Could you return all of the entries below exactly, minus the pictures?

** Opening Exercise data block **

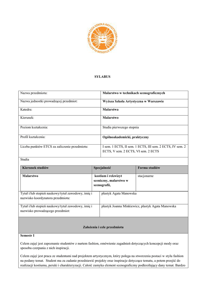SYLABUS Nazwa przedmiotu: Malarstwo w technikach scenograficznych Nazwa jednostki prowadzącej przedmiot: Wyższa Szkoła Artystyczna w Warszawie Katedra: Malarstwa Kierunek: Malarstwo Poziom kształcenia: Studia pierwszego stopnia Profil kształcenia: Ogólnoakademicki, praktyczny Liczba punktów ETCS za zaliczenie przedmiotu: I sem. 1 ECTS, II sem. 1 ECTS, III sem. 2 ECTS, IV sem. 2 ECTS, V sem. 2 ECTS, VI sem. 2 ECTS Studia Kierunek studiów Specjalność Forma studiów Malarstwo kostium i rekwizyt sceniczny, malarstwo w scenografii, stacjonarne Tytuł i/lub stopień naukowy/tytuł zawodowy, imię i nazwisko koordynatora przedmiotu: plastyk Agata Manowska Tytuł i/lub stopień naukowy/tytuł zawodowy, imię i nazwisko prowadzącego przedmiot: plastyk Joanna Minkiewicz, plastyk Agata Manowska Założenia i cele przedmiotu Semestr I Celem zajęć jest zapoznanie studentów z nurtem fashion, omówienie zagadnień dotyczących koncepcji mody oraz sposobu czerpania z nich inspiracji. Celem zajęć jest praca ze studentami nad projektem artystycznym, który polega na stworzeniu postaci w stylu fashion na podany temat. Student ma za zadanie przedstawić projekty oraz inspiracje dotyczące tematu, a potem przejść do realizacji kostiumu, peruki i charakteryzacji. Całość zamyka element scenograficzny podkreślający dany temat. Bardzo ważna jest tu praca własna studenta w oparciu o konsultacje z wykładowcą. Semestr II Celem zajęć jest omówienie zagadnień dotyczących koncepcji mody w poszczególnych epokach od starożytności do czasów współczesnych oraz sposobu czerpania z niej inspiracji. Celem zajęć jest indywidualna praca ze studentami nad projektem artystycznym, który polega na stworzeniu postaci zainspirowanej daną epoką .Student ma za zadanie przedstawić projekty oraz inspiracje dotyczące tematu, a potem przejść do realizacji kostiumu, peruki i charakteryzacji. Całość zamykają elementy scenograficzne i rekwizyty podkreślające dany temat. Bardzo ważna jest tu praca własna studenta w oparciu o konsultacje z wykładowcą. Semestr III Celem zajęć jest zapoznanie student—w z technikami charakteryzatorskimi i ich zastosowaniem w różnych projektach. Zmiana wizerunku człowieka za pomocą środków plastycznych przy użyciu efektów malarskich, światłocienia, kontrastu oraz innych poznanych technik charakteryzatorskich w różne postacie –rasa, sobowtór, ikona stylu i mody, halloween. Zapoznanie studentów z nowymi środkami charakteryzatorskimi do tworzenia efektów specjalnych w filmie . Semestr IV Celem zajęć jest zapoznanie studentów z nowymi technikami oraz materiałami charakteryzatorskimi. Celem tych zajęć jest nabycie umiejętności w tworzeniu kolejnych wizerunków inspirowanych motywami zwierzęcymi , przedmiotami, wyboru technik, pozwalających na stworzenie dowolnej postaci. Celem zajęć jest również nabycie umiejętności i ich zastosowanie w charakteryzacji wybranych materii, faktur i struktur oraz obudzenie wrażliwości na różne techniki malarskie. Semestr V Celem zajęć jest zapoznanie studentów ze specjalistycznymi technikami I materiałami charakteryzatorskimi służącymi do efektów specjalnych w filmie. Jest to w pewien sposób rozszerzony i pogłębiony cykl tematyczny z trzeciego semestru. Celem zajęć jest również nauczenie studentów tworzenia prostetyków do charakteryzacji, przerobienie całego procesu wykonania wklejki (elementu plastycznego użytego do charakteryzacji) w pracowni odlewów. Semestr VI Celem zajęć jest zapoznanie studentów z kolejnymi technikami charakteryzatorskimi opartymi na pracy z aerografem. Celem jest rozszerzenie sposobu myślenia plastycznego o postaci i przejście do koncepcji projektu w ruchu z wykorzystaniem do tego celu więcej niż jednej osoby. Wymagania wstępne I semestr: klasyfikacja na pierwszy rok studiów. II semestr: Wymagana umiejętność podstawowych zasad wykonania makijażu oraz użycia odpowiednich środków wyrazu dla stworzenia danego typu makijażu. Podstawowa umiejętność poruszania się w technikach wykonania makijażu teatralnego, filmowego i do sesji foto. Semestr III: Wymagana umiejętność posługiwania się w sprawny sposób technikami makijażu. Znajomość podstawowych środków do charakteryzacji. Umiejętność czesania. Swoboda i precyzja wykonywania charakteryzacji. Semestr IV: Wymagana umiejętność posługiwania się w sprawny sposób technikami charakteryzatorskimi poznanymi w poprzednim semestrze. Znajomość i umiejętność wykorzystywania środków do 2 efektów specjalnych w charakteryzacji. Semestr V: Wymagana umiejętność posługiwania się w sprawny sposób technikami charakteryzatorskimi. Znajomość i umiejętność wykorzystywania środków do charakteryzacji oraz swobodne łączenie ich w projektach. Semestr VI: Wymagana umiejętność posługiwania się w sprawny sposób technikami charakteryzatorskimi. Znajomość i umiejętność wykorzystywania środków do charakteryzacji. Zamierzony efekt kształcenia Symbol efektu kształcenia na poziomie kierunku Opis efektu kształcenia na poziomie przedmiotu K_W01 Wie, jak umiejętnie i świadomie dobrać narzędzia i materiały niezbędne do wykorzystania w projektach artystycznych przy wykonaniu konkretnej chakteryzacji. K_W02 Zdobywa wiedzę na temat podstawowych stylów w modzie oraz twórczości wiodących projektantów. Poznaje podstawowe trendy dotyczące makijażu oraz fryzur stosowanych podczas pokazów mody. Nabywa wiedzę o środkach charakteryzatorskich i sposobach ich wykorzystywania w projektach. K_W03 Zna i swobodnie posługuje się specjalistyczną terminologią dotyczącą środków charakteryzatorskich i technik malarskich. K_W04 Zna i rozumie podstawowe zagadnienia technologiczne i warsztatowe dotyczące pokrewnych dyscyplin artystycznych: kostiumografii, malarstwa i scenografii. K_W16 Wie, gdzie ma szukać i jak znaleźć w różnych źródłach informacji dotycz
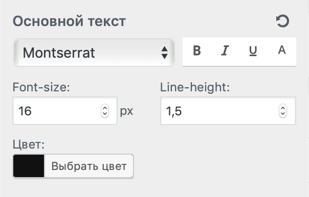 Говорит сама за себя — настраиваем шрифты, размер, стили, цвет у различных элементов сайта. Пришлось даже свой кастомный контрол для этого разработать, выглядит он так:
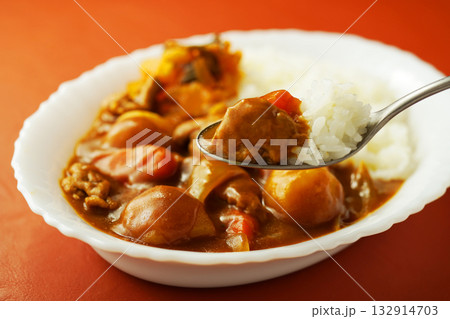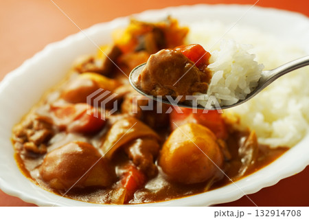 カレーライス ポークカレー 白テーブル スプーン
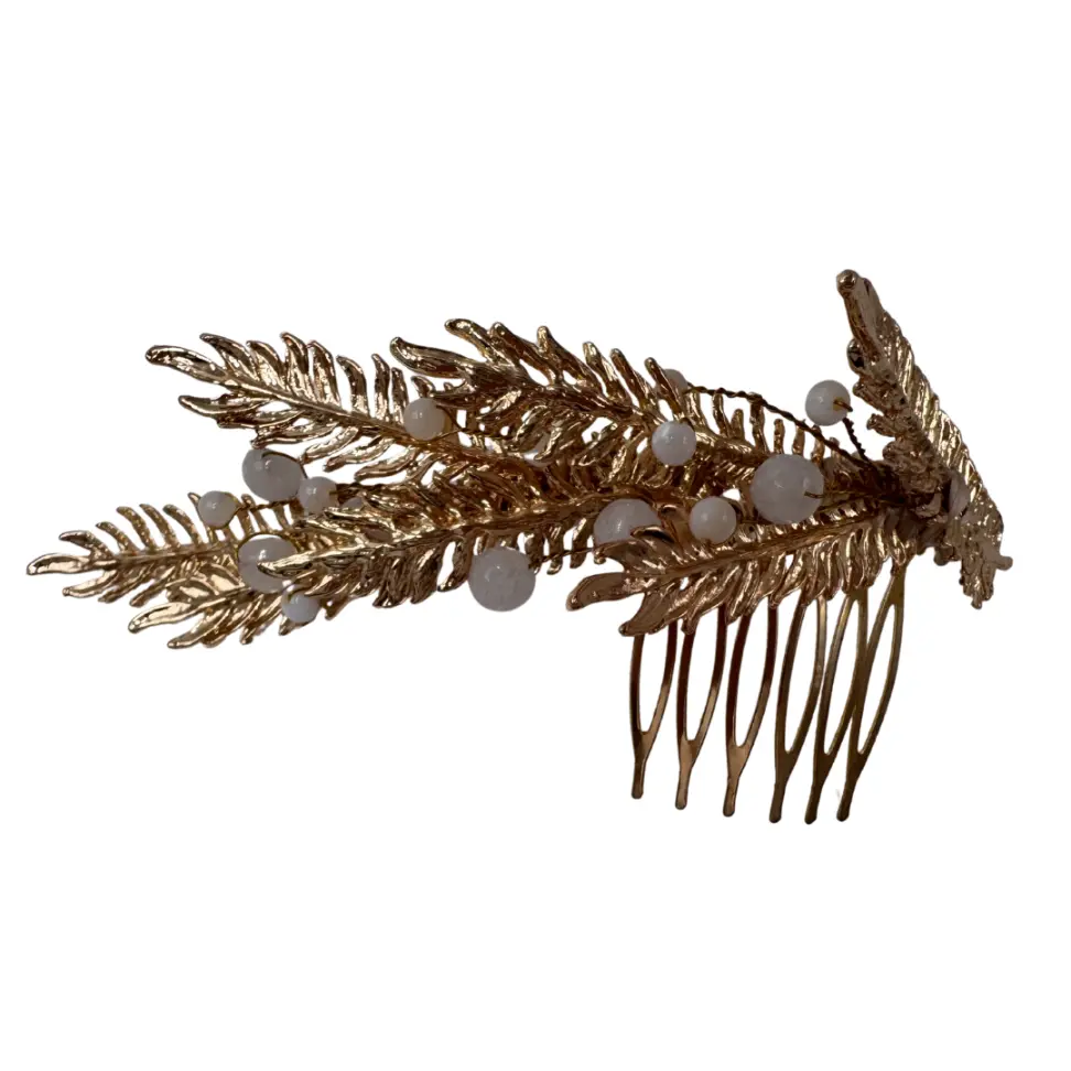 El Tocado Joya María es un accesorio sofisticado pensado para mujeres que desean aportar elegancia a su look con un estilo discreto pero especial. Su combinación de colores dorados y blanco crea una estética luminosa, delicada y muy favorecedora.
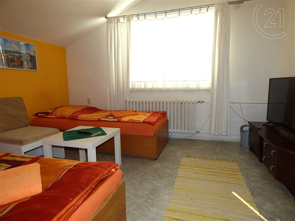 V mezipatře se nachází samostatná jednotka 1+1 s vlastním sociálním zařízením, která může sloužit jako zázemí pro majitele, zaměstnance, nebo jako samostatný byt k pronájmu.
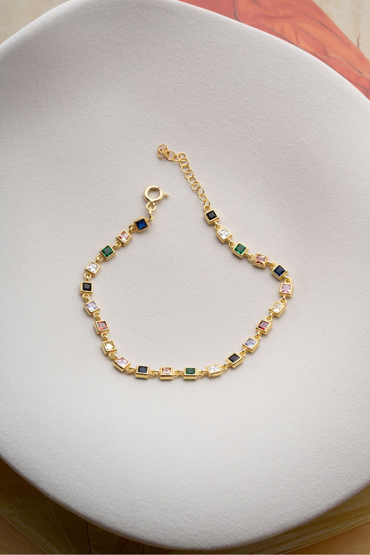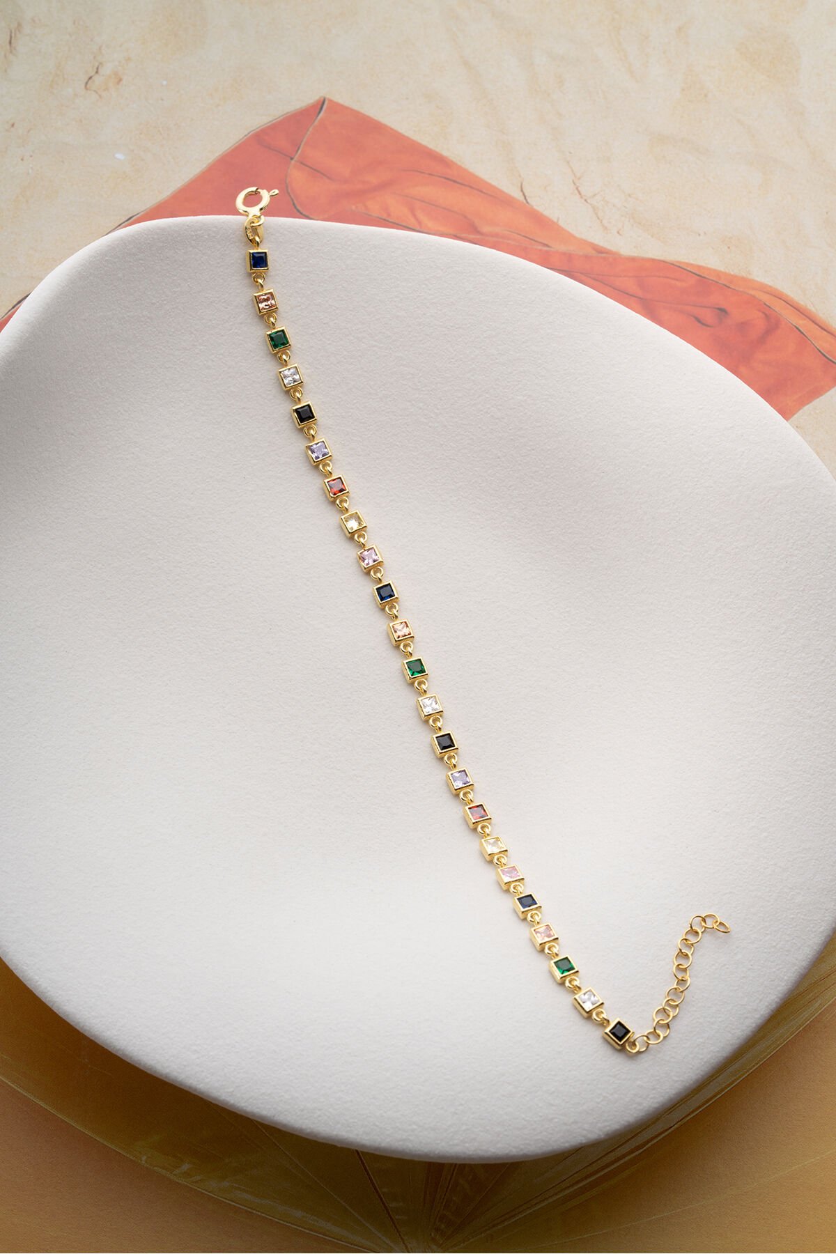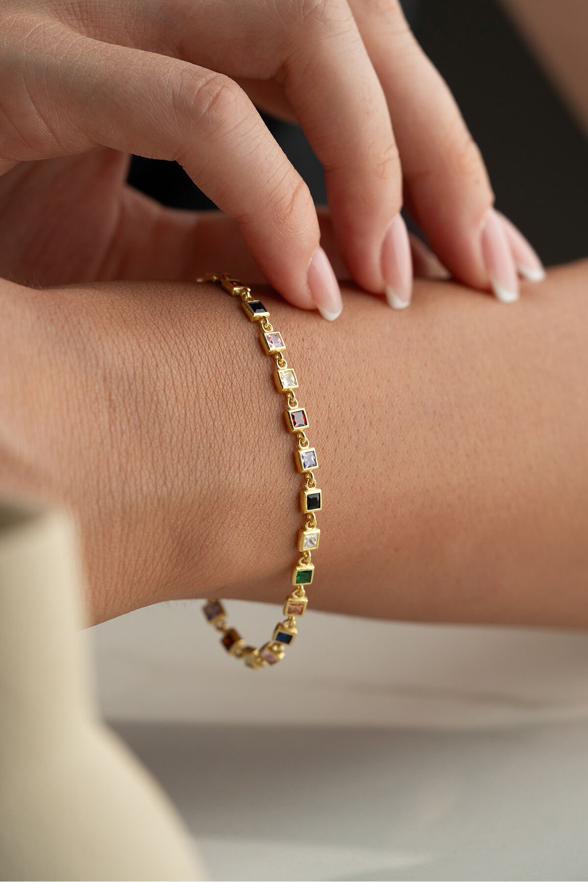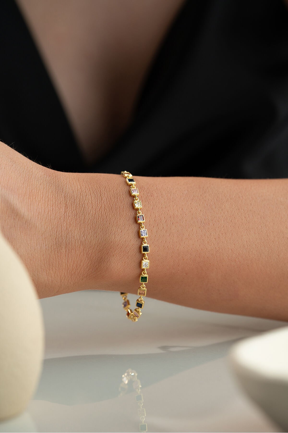 925 Ayar Gümüş Kare Renkli Taşlı Bileklik
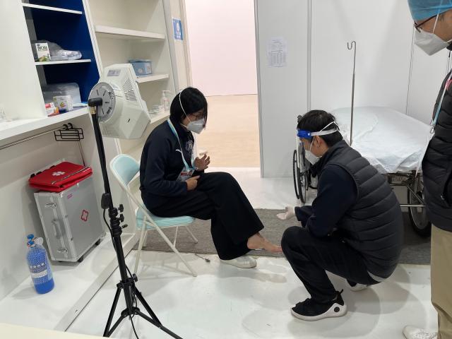 冰立方是唯一承办北京冬奥会“相约北京”系列测试赛中冬残奥会项目赛事的场馆。为国内测试活动提供医疗保障的同时,医疗保障团队还针对轮椅冰壶锦标赛的特殊性,坚持“观念无障碍、信息无障碍、硬件设施无障碍、服务无障碍”原则,体现人文关怀,专门配备辅具医生,为各国参赛队员提供轮椅维修等服务和假肢维护服务;充分考虑参赛人员身体条件限制和日常活动特点和细节,设置可调节高度诊床,专门加宽体温检测门;队员们专门进行现场演练,模仿轮椅运动员的高度标准设置,确保运动员在取用防疫物资时高度合适,伸手可及。

** Closing Exercise data block **

Output of the exercise:
SYLABUS Nazwa przedmiotu: Malarstwo w technikach scenograficznych Nazwa jednostki prowadzącej przedmiot: Wyższa Szkoła Artystyczna w Warszawie Katedra: Malarstwa Kierunek: Malarstwo Poziom kształcenia: Studia pierwszego stopnia Profil kształcenia: Ogólnoakademicki, praktyczny Liczba punktów ETCS za zaliczenie przedmiotu: I sem. 1 ECTS, II sem. 1 ECTS, III sem. 2 ECTS, IV sem. 2 ECTS, V sem. 2 ECTS, VI sem. 2 ECTS Studia Kierunek studiów Specjalność Forma studiów Malarstwo kostium i rekwizyt sceniczny, malarstwo w scenografii, stacjonarne Tytuł i/lub stopień naukowy/tytuł zawodowy, imię i nazwisko koordynatora przedmiotu: plastyk Agata Manowska Tytuł i/lub stopień naukowy/tytuł zawodowy, imię i nazwisko prowadzącego przedmiot: plastyk Joanna Minkiewicz, plastyk Agata Manowska Założenia i cele przedmiotu Semestr I Celem zajęć jest zapoznanie studentów z nurtem fashion, omówienie zagadnień dotyczących koncepcji mody oraz sposobu czerpania z nich inspiracji. Celem zajęć jest praca ze studentami nad projektem artystycznym, który polega na stworzeniu postaci w stylu fashion na podany temat. Student ma za zadanie przedstawić projekty oraz inspiracje dotyczące tematu, a potem przejść do realizacji kostiumu, peruki i charakteryzacji. Całość zamyka element scenograficzny podkreślający dany temat. Bardzo ważna jest tu praca własna studenta w oparciu o konsultacje z wykładowcą. Semestr II Celem zajęć jest omówienie zagadnień dotyczących koncepcji mody w poszczególnych epokach od starożytności do czasów współczesnych oraz sposobu czerpania z niej inspiracji. Celem zajęć jest indywidualna praca ze studentami nad projektem artystycznym, który polega na stworzeniu postaci zainspirowanej daną epoką .Student ma za zadanie przedstawić projekty oraz inspiracje dotyczące tematu, a potem przejść do realizacji kostiumu, peruki i charakteryzacji. Całość zamykają elementy scenograficzne i rekwizyty podkreślające dany temat. Bardzo ważna jest tu praca własna studenta w oparciu o konsultacje z wykładowcą. Semestr III Celem zajęć jest zapoznanie student—w z technikami charakteryzatorskimi i ich zastosowaniem w różnych projektach. Zmiana wizerunku człowieka za pomocą środków plastycznych przy użyciu efektów malarskich, światłocienia, kontrastu oraz innych poznanych technik charakteryzatorskich w różne postacie –rasa, sobowtór, ikona stylu i mody, halloween. Zapoznanie studentów z nowymi środkami charakteryzatorskimi do tworzenia efektów specjalnych w filmie . Semestr IV Celem zajęć jest zapoznanie studentów z nowymi technikami oraz materiałami charakteryzatorskimi. Celem tych zajęć jest nabycie umiejętności w tworzeniu kolejnych wizerunków inspirowanych motywami zwierzęcymi , przedmiotami, wyboru technik, pozwalających na stworzenie dowolnej postaci. Celem zajęć jest również nabycie umiejętności i ich zastosowanie w charakteryzacji wybranych materii, faktur i struktur oraz obudzenie wrażliwości na różne techniki malarskie. Semestr V Celem zajęć jest zapoznanie studentów ze specjalistycznymi technikami I materiałami charakteryzatorskimi służącymi do efektów specjalnych w filmie. Jest to w pewien sposób rozszerzony i pogłębiony cykl tematyczny z trzeciego semestru. Celem zajęć jest również nauczenie studentów tworzenia prostetyków do charakteryzacji, przerobienie całego procesu wykonania wklejki (elementu plastycznego użytego do charakteryzacji) w pracowni odlewów. Semestr VI Celem zajęć jest zapoznanie studentów z kolejnymi technikami charakteryzatorskimi opartymi na pracy z aerografem. Celem jest rozszerzenie sposobu myślenia plastycznego o postaci i przejście do koncepcji projektu w ruchu z wykorzystaniem do tego celu więcej niż jednej osoby. Wymagania wstępne I semestr: klasyfikacja na pierwszy rok studiów. II semestr: Wymagana umiejętność podstawowych zasad wykonania makijażu oraz użycia odpowiednich środków wyrazu dla stworzenia danego typu makijażu. Podstawowa umiejętność poruszania się w technikach wykonania makijażu teatralnego, filmowego i do sesji foto. Semestr III: Wymagana umiejętność posługiwania się w sprawny sposób technikami makijażu. Znajomość podstawowych środków do charakteryzacji. Umiejętność czesania. Swoboda i precyzja wykonywania charakteryzacji. Semestr IV: Wymagana umiejętność posługiwania się w sprawny sposób technikami charakteryzatorskimi poznanymi w poprzednim semestrze. Znajomość i umiejętność wykorzystywania środków do 2 efektów specjalnych w charakteryzacji. Semestr V: Wymagana umiejętność posługiwania się w sprawny sposób technikami charakteryzatorskimi. Znajomość i umiejętność wykorzystywania środków do charakteryzacji oraz swobodne łączenie ich w projektach. Semestr VI: Wymagana umiejętność posługiwania się w sprawny sposób technikami charakteryzatorskimi. Znajomość i umiejętność wykorzystywania środków do charakteryzacji. Zamierzony efekt kształcenia Symbol efektu kształcenia na poziomie kierunku Opis efektu kształcenia na poziomie przedmiotu K_W01 Wie, jak umiejętnie i świadomie dobrać narzędzia i materiały niezbędne do wykorzystania w projektach artystycznych przy wykonaniu konkretnej chakteryzacji. K_W02 Zdobywa wiedzę na temat podstawowych stylów w modzie oraz twórczości wiodących projektantów. Poznaje podstawowe trendy dotyczące makijażu oraz fryzur stosowanych podczas pokazów mody. Nabywa wiedzę o środkach charakteryzatorskich i sposobach ich wykorzystywania w projektach. K_W03 Zna i swobodnie posługuje się specjalistyczną terminologią dotyczącą środków charakteryzatorskich i technik malarskich. K_W04 Zna i rozumie podstawowe zagadnienia technologiczne i warsztatowe dotyczące pokrewnych dyscyplin artystycznych: kostiumografii, malarstwa i scenografii. K_W16 Wie, gdzie ma szukać i jak znaleźć w różnych źródłach informacji dotycz
 Говорит сама за себя — настраиваем шрифты, размер, стили, цвет у различных элементов сайта. Пришлось даже свой кастомный контрол для этого разработать, выглядит он так:
 カレーライス ポークカレー 白テーブル スプーン
 El Tocado Joya María es un accesorio sofisticado pensado para mujeres que desean aportar elegancia a su look con un estilo discreto pero especial. Su combinación de colores dorados y blanco crea una estética luminosa, delicada y muy favorecedora.
 V mezipatře se nachází samostatná jednotka 1+1 s vlastním sociálním zařízením, která může sloužit jako zázemí pro majitele, zaměstnance, nebo jako samostatný byt k pronájmu.
 925 Ayar Gümüş Kare Renkli Taşlı Bileklik
 冰立方是唯一承办北京冬奥会“相约北京”系列测试赛中冬残奥会项目赛事的场馆。为国内测试活动提供医疗保障的同时,医疗保障团队还针对轮椅冰壶锦标赛的特殊性,坚持“观念无障碍、信息无障碍、硬件设施无障碍、服务无障碍”原则,体现人文关怀,专门配备辅具医生,为各国参赛队员提供轮椅维修等服务和假肢维护服务;充分考虑参赛人员身体条件限制和日常活动特点和细节,设置可调节高度诊床,专门加宽体温检测门;队员们专门进行现场演练,模仿轮椅运动员的高度标准设置,确保运动员在取用防疫物资时高度合适,伸手可及。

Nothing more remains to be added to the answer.